Thanks for the information, will have to try it, guess we could call it a long meat ball with a cored jalapeno pepper, with two colored cheeses encased in sausage :thumbsup: :thumbsup: 
THANKS


----------



## Paymaster (Jan 9, 2012)

bobinbusan said:


> Thanks for the information, will have to try it, guess we could call it a long meat ball with a cored jalapeno pepper, with two colored cheeses encased in sausage :thumbsup: :thumbsup:
> THANKS


That's ok, I will just call it a diller egg.:thumbup:


----------



## WhyMe (Apr 21, 2013)

Thanks, now I'm hungry.:thumbup:
WhyMe 
Mako My Dayo


----------



## GROUPERKING (Sep 28, 2011)

Dang now I have to grill something . Good looking stuff !


----------



## Mac1528 (Mar 24, 2012)

Best part of all those pics was that bucket full of burnt ends...MMmmmmmm, eedoggeee!!! Super job there PM!


----------



## bobinbusan (Feb 16, 2010)

Paymaster said:


> They are a cored jalapeno pepper, with two colored cheeses encased in sausage and cooked on a smoker.
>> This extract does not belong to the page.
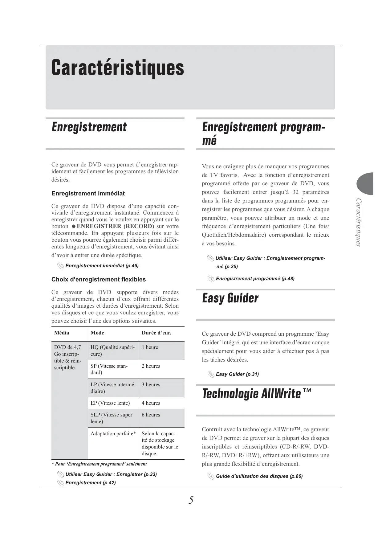 Ce graveur de DVD supporte divers modes d’enregistrement, chacun d’eux offrant différentes qualités d’images et durées d’enregistrement. Selon vos disques et ce que vous voulez enregistrer, vous pouvez choisir l’une des options suivantes. Média Mode Durée d’enr. DVD de 4,7 Go inscriptible & réinscriptible HQ (Qualité supériHXUH 1 heure SP (Vitesse stanGDUG 2 heures LP (Vitesse interméGLDLUH 3 heures (3 9LWHVVHOHQWH 4 heures SLP (Vitesse super OHQWH 6 heures Adaptation parfaite* Selon la capacité de stockage disponible sur le disque Easy Guider Ce graveur de DVD comprend un programme ‘Easy Guider’ intégré, qui est une interface d’écran conçue spécialement pour vous aider à effectuer pas à pas les tâches désirées. Easy Guider (p.31) Technologie AllWrite™ Contruit avec la technologie AllWrite™, ce graveur de DVD permet de graver sur la plupart des disques inscriptibles et réinscriptibles (CD-R/-RW, DVD55:'9'55: RIIUDQWDX[XWLOLVDWHXUVXQH SOXVJUDQGHÀH[LELOLWpG¶HQUHJLVWUHPHQW

 Is the picture below some of your diller egg? :thumbsup:


----------



## Paymaster (Jan 9, 2012)

bobinbusan said:


> Is the picture below some of your diller egg? :thumbsup:


Yes. Some of the yokes were runnin!


----------



## Smarty (Nov 23, 2008)

It all looks great! What type of sauce did you use on that chicken? It looks tangy :yes:


----------



## Deeplines (Sep 28, 2007)

What size of egg is that, Large or XL?

Food looks great.


----------



## Kim (Aug 5, 2008)

Wow all I can say is EGGTASTIC!


----------



## Snagged Line (Sep 30, 2007)

Was this a Fund Raiser for the Heart Assocation???.......................lol



Gotta try one of those "long meat ball with a cored jalapeno pepper, with two colored cheeses encased in sausage"
















Looks Good...


----------